Больной дворянин был сражен этой красотой и, по немощи, сразу влюбился. Он только хотел удостовериться, что эта не греза, не сон, что это живая девушка, а что она крестьянка, а он дворянин - это ничего... законы осуждают, а сердце любит.
Рогожин попробовал улыбнуться и слабо выговорил:
- Умница!
- Что тебе, барин? иль полегчило? - сказала девушка и сама, улыбнувшись от доброжелательства, все вокруг себя как солнцем осветила.
Больной молчал
- Что тебя, поправить, что ли?
И, не дожидаясь ответа, она подвела ему под плечи круглую упругую руку и, поправляя другою рукою его изголовье, держала во все это время его голову у своей груди.
Запах молодого, здорового тела, смешанный с запахом чистого, но в дымной избе выкатанного белья, проник через обоняние Рогожина во всю его кровь и животворною теплотою разбежался по нервам.

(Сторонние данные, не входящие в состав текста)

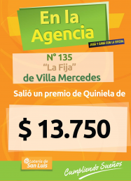 En Villa Mercedes, en la Agencia N° 135 "La Fija" un afortunado apostador recibió un premio de Quiniela de $13.750...¡felicitaciones!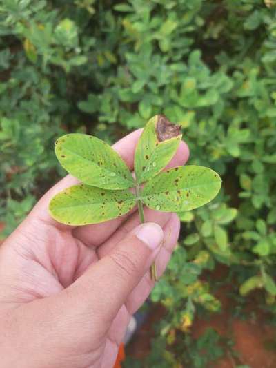 Ramya tikka Disease ( early leaf spot) 🥜 of peanut. Spray Hexaconazole 5%ec 25ml /10 liters of water.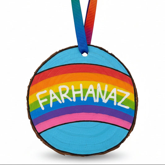 Personalisierte Regenbogen-Holzscheibe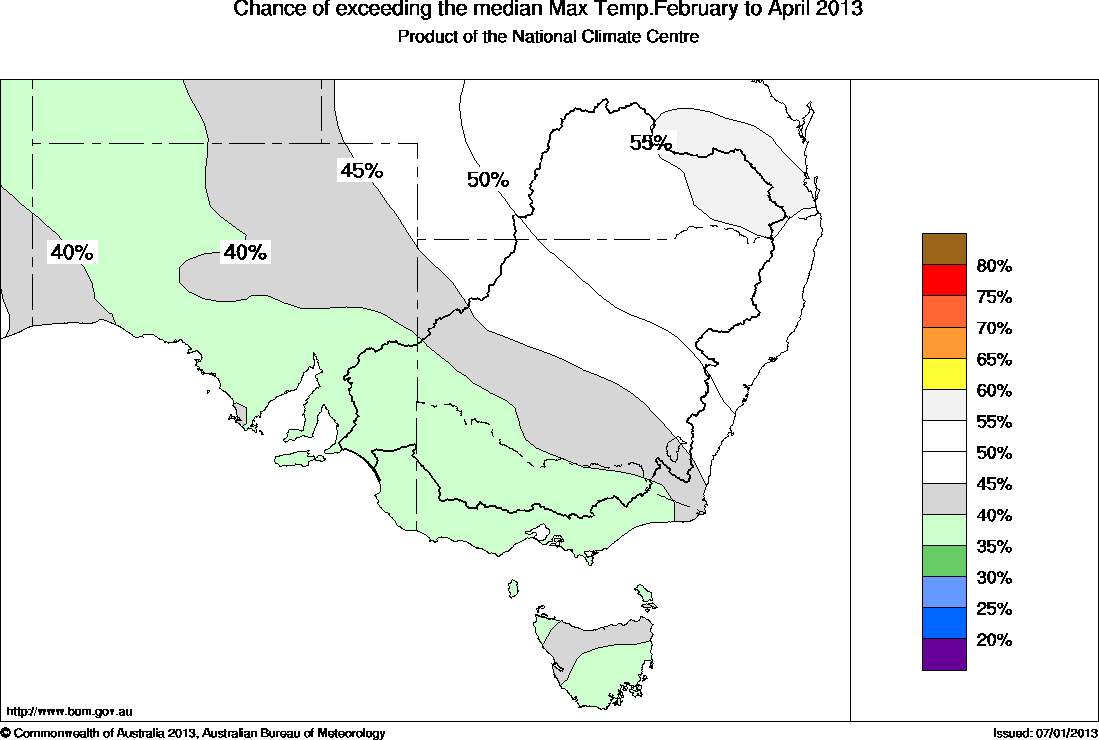 The chances that the February to April maximum temperature will exceed the long-term median maximum temperature is between 35 and 40% over a large region across northwest and southern SA, Victoria, southwest NSW and parts of Tasmania (see map above). Such odds mean that for every ten years with similar oceans patterns to those currently observed, about four February to April periods would be expected to be warmer than average over these areas, while about six years would be cooler.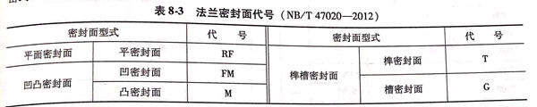壓力容器法蘭(lan)密封面型式主要有平面密封面、凹凸面密封面及榫槽密封面三種型式,其密封面代號見表8-3。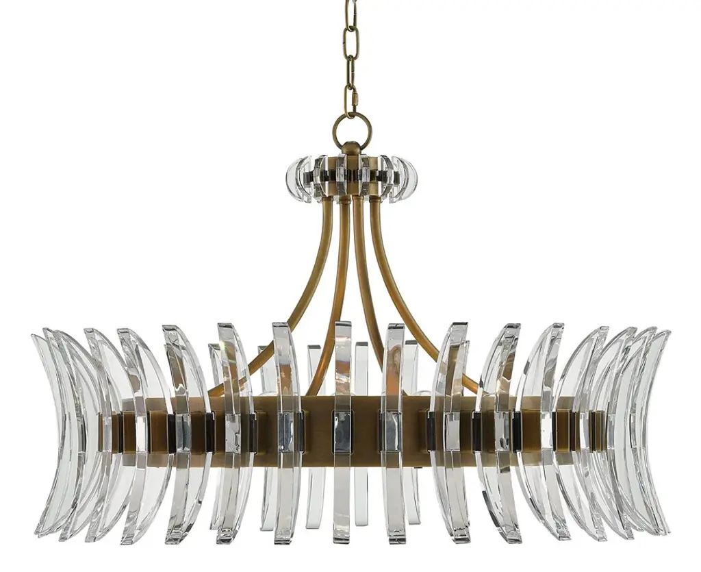 Create a visually distinct look with this matchless chandelier. Its antiqued brass silhouette is enclosed by optic crystals formed into a charming half-moon shape. Within its striking composition, there are eight bulbs that shine and illuminate the room.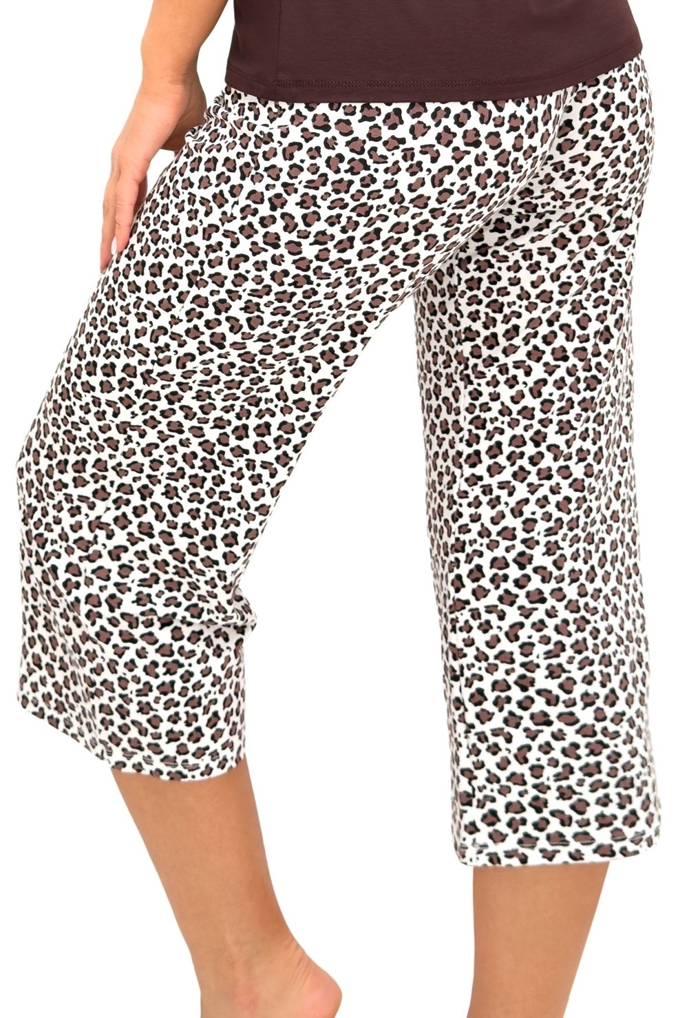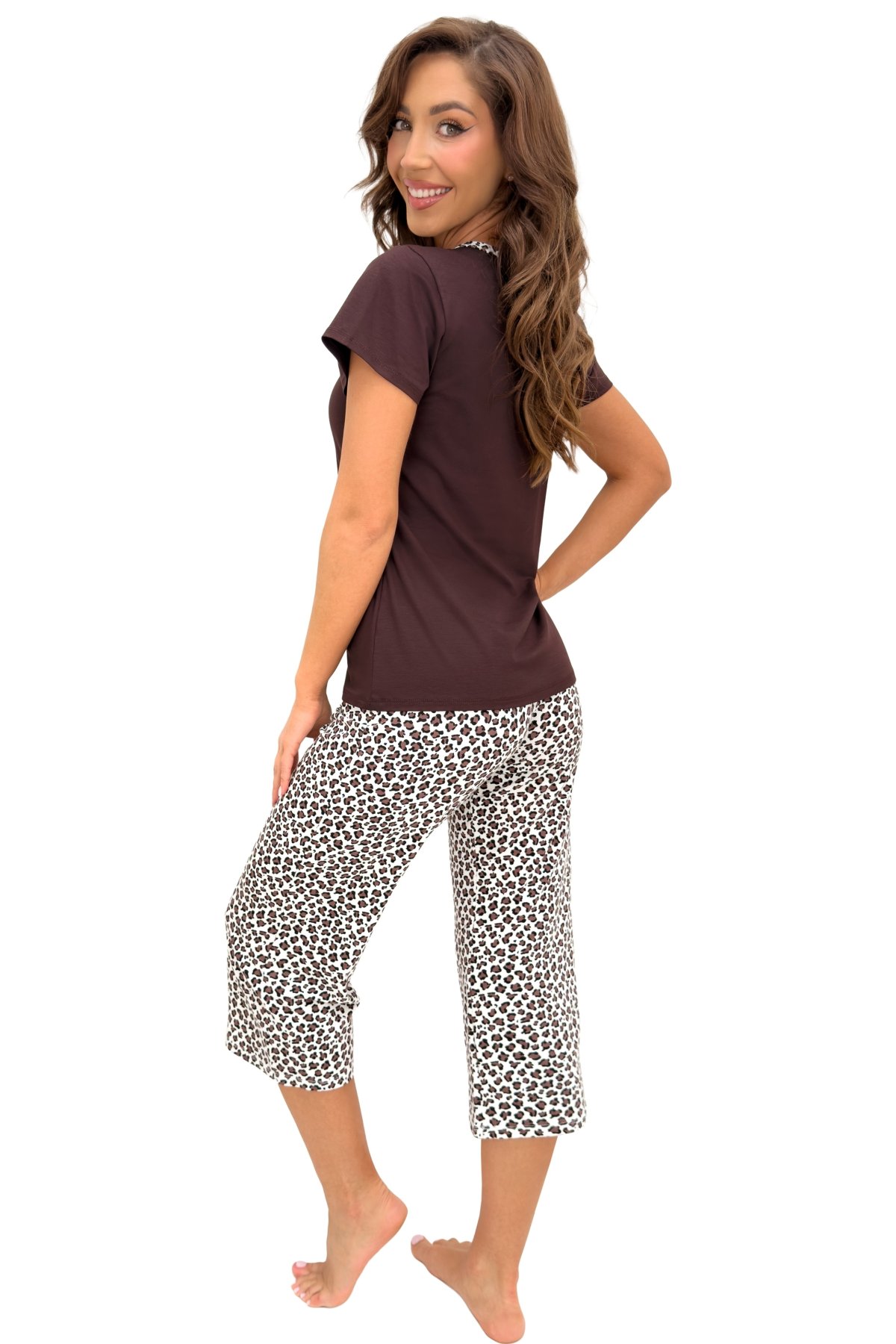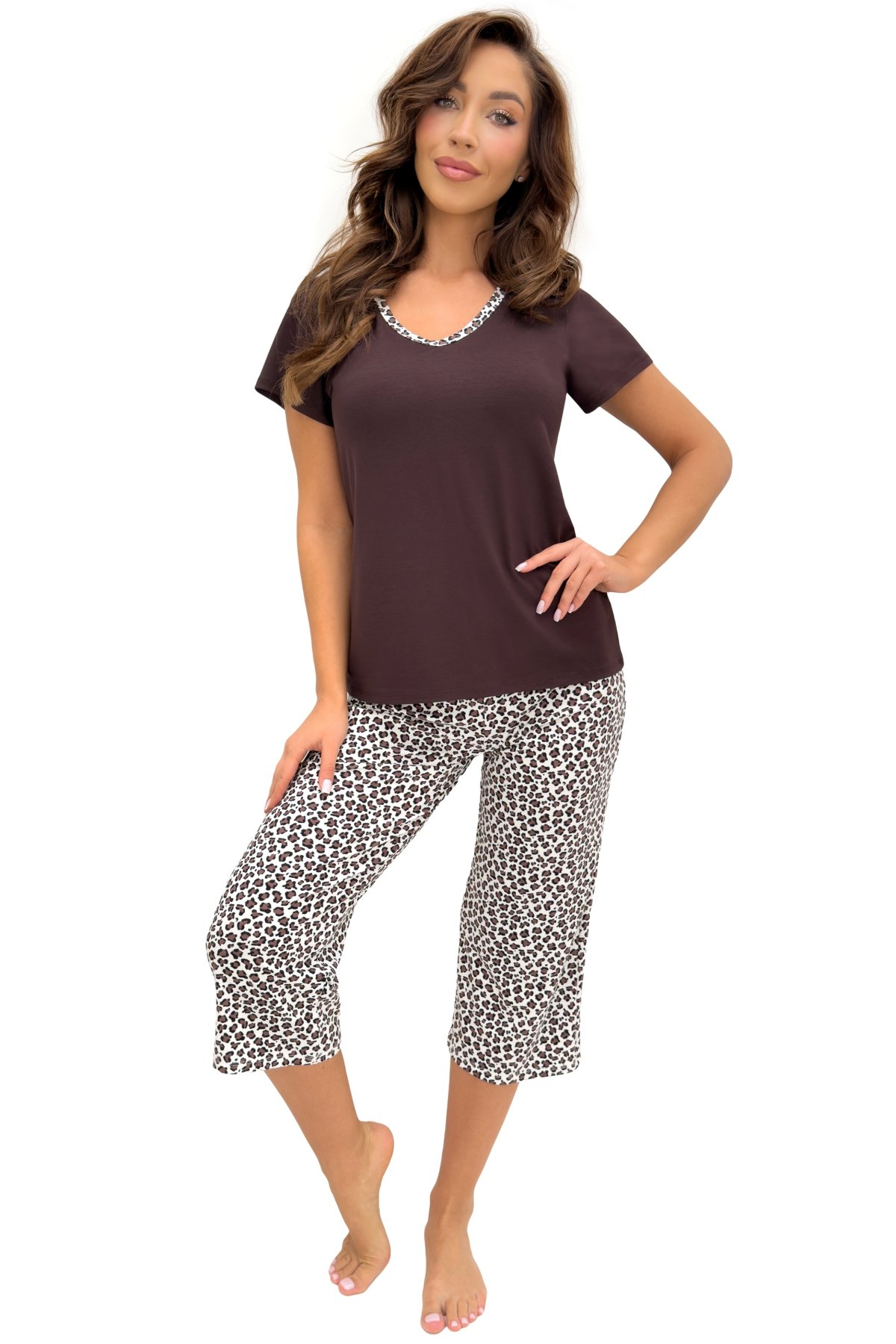 Halenka v odstínu čokoládově hnědé je ušitá z měkké viskózy s příměsí elastanu, díky čemuž je příjemná na dotek, lehce pružná a dobře se přizpůsobí postavě. Krátký rukáv a výstřih do „V“ dodávají modelu ženský, uvolněný charakter. Kalhoty v efektním zvířecím vzoru jsou vyrobené z prodyšné bavlny a mají klasický střih s pohodlnou 3/4 délkou. Celek působí harmonicky a je ideální jak na spaní, tak na domácí relax.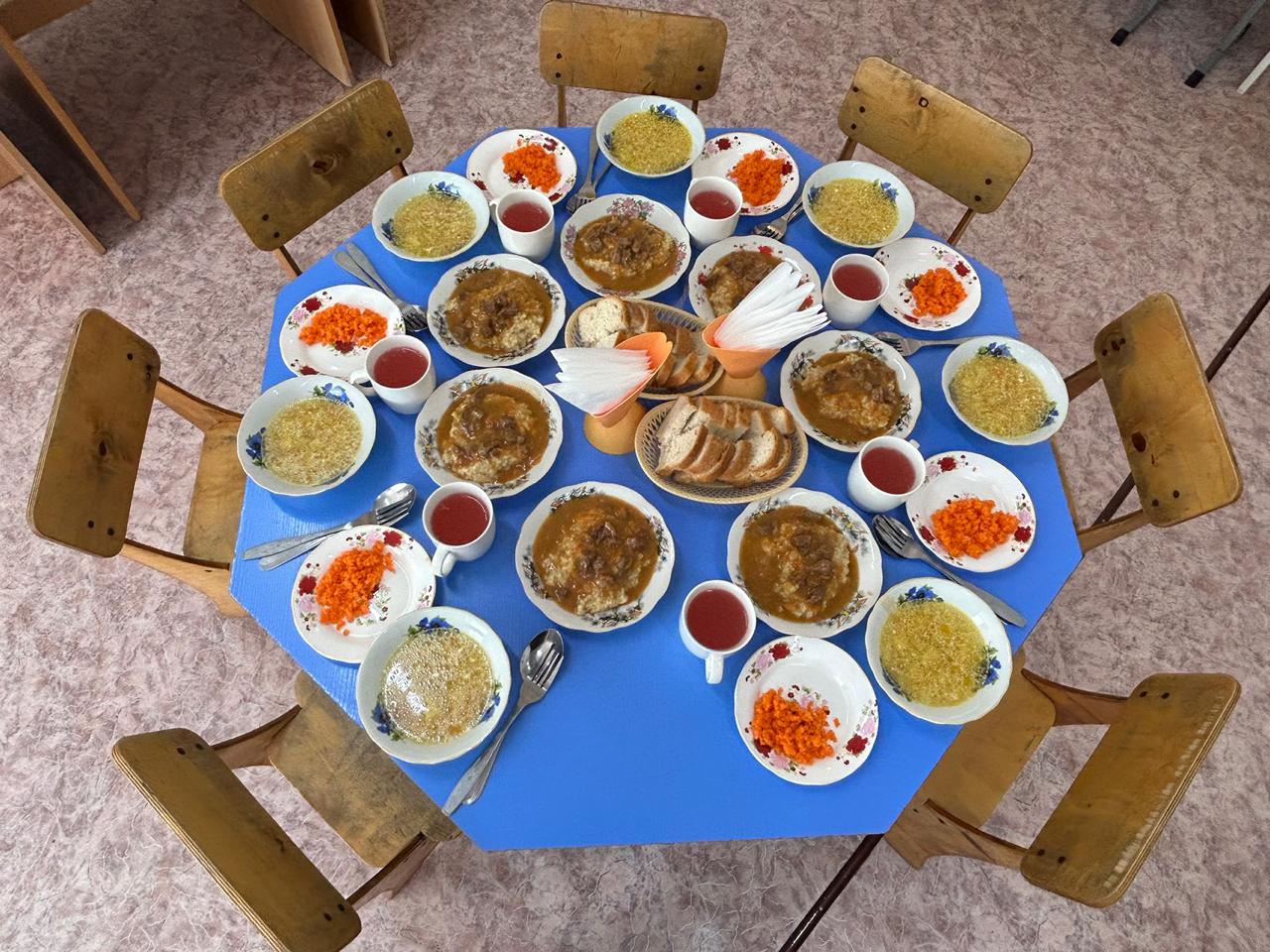 Обед: салат морковный, Щи со сметаной, полтавка с гуляшом, кисель, хлеб.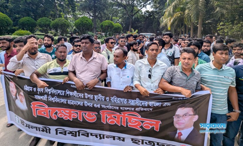 কুষ্টিয়া: চট্টগ্রাম বিশ্ববিদ্যালয় (চবি) ও বাংলাদেশ কৃষি বিশ্ববিদ্যালয়ের (বাকৃবি) শিক্ষার্থীদের ওপর স্থানীয়দের সন্ত্রাসী হামলা এবং রাজশাহী বিশ্ববিদ্যালয় (রাবি) ছাত্রদলের ওপর গুপ্ত সংগঠনের হামলা দাবি করে বিক্ষোভ মিছিল করেছে ইসলামী বিশ্ববিদ্যালয় (ইবি) শাখা ছাত্রদল।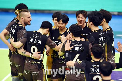 [OK금융그룹이 14일 오후 경기도 수원실내체육관에서 진행된 '2020-2021 도드람 V-리그' 한국전력-OK금융그룹의 경기에서 세트스코어 3-2로 승리한뒤 기뻐하고 있다. 사진 = 수원 곽경훈 기자 kphoto@mydaily.co.kr]- ⓒ마이데일리(www.mydaily.co.kr). 무단전재&재배포 금지 -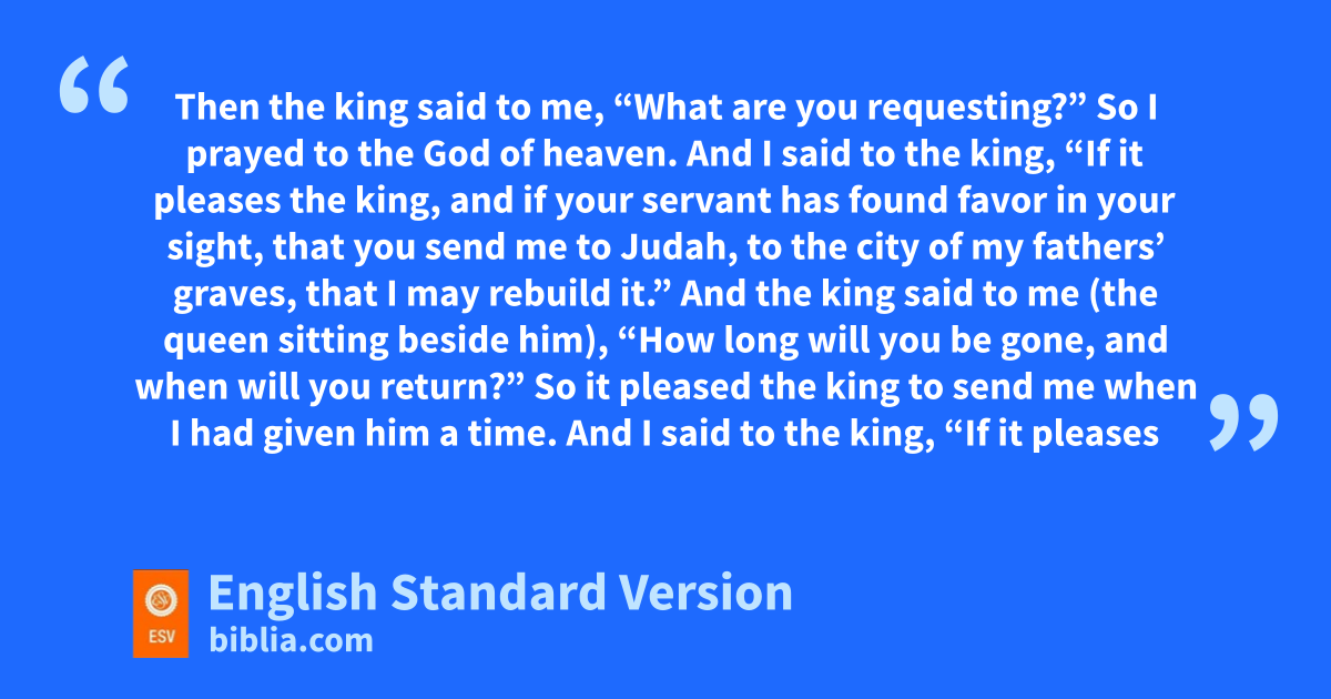 2 In the month of Nisan, win the twentieth year of King xArtaxerxes, when wine was before him, yI took up the wine and gave it to the king. Now I had not been sad in his presence. 2 And the king said to me, “Why is your face sad, seeing you are not sick? This is nothing but zsadness of the heart.” Then I was very much afraid. 3 I said to the king, a“Let the king live forever! Why should not my face be sad, bwhen the city, the place of my fathers’ graves, lies in ruins, and its gates have been destroyed by fire?” 4 Then the king said to me, “What are you requesting?” So I prayed cto the God of heaven. 5 And I said to the king, “If it pleases the king, and if your servant has found favor in your sight, that you send me to Judah, to the city of my fathers’ graves, that I may rebuild it.” 6 And the king said to me (dthe queen sitting beside him), “How long will you be gone, and when will you return?” So it pleased the king to send me ewhen I had given him a time. 7 And I said to the king, “If it pleases the king, let letters be given me fto the governors of the province Beyond the River, that they may let me pass through until I come to Judah, 8 and a letter to Asaph, the keeper of the king’s forest, that he may give me timber to make beams for the gates of gthe fortress of the temple, and for the wall of the city, and for the house that I shall occupy.” And the king granted me what I asked, hfor the good hand of my God was upon me.

- Кто ты? - произнес Дон-Кихот.
- Девка.
- А как тебя звать?
- Аксюткой звать.
- Аксиньею... Ксения!
Он произнес это имя и к нему прислушался. Ему показалось, что оно очень хорошо звучит.
- Что ты тут делала?
- Я-то? Тебя стерегла...
- Чего?
- Когда ты помрешь.
- Помру... вона!
- А что ж?
- Я теперь жить хочу, Ксения.
- Жить?.. да что же, для чего тебе не жить? Хлеб есть. Живи!
И она посмотрела в его вперенные в нее глаза и проговорила:
- Или тебя еще поправить?
- Поправь.
И опять это прикосновение руки, и опять ошибает свежий аромат легкой смолистой задыми и молодого тела.
- Будет, - прошептал Дон-Кихот, - будет: хорошо мне. Только вот что...
- Что еще?
- Сядь ко мне так, чтоб я тебя видел.
- Где сесть? тутотка?.. хорошо, сяду.
И она зашла ему за-головы и опять появилась с донцем, гребнем и размалеванною прялкою: села, утвердила гребень в гнезде донца, поставила ногу в черевичке на приверток и, посунув колесо, пустила прялку.
Опять мерная музыка заиграла тем же рокотом, а сама чародейка сидит, работает, и ни слова.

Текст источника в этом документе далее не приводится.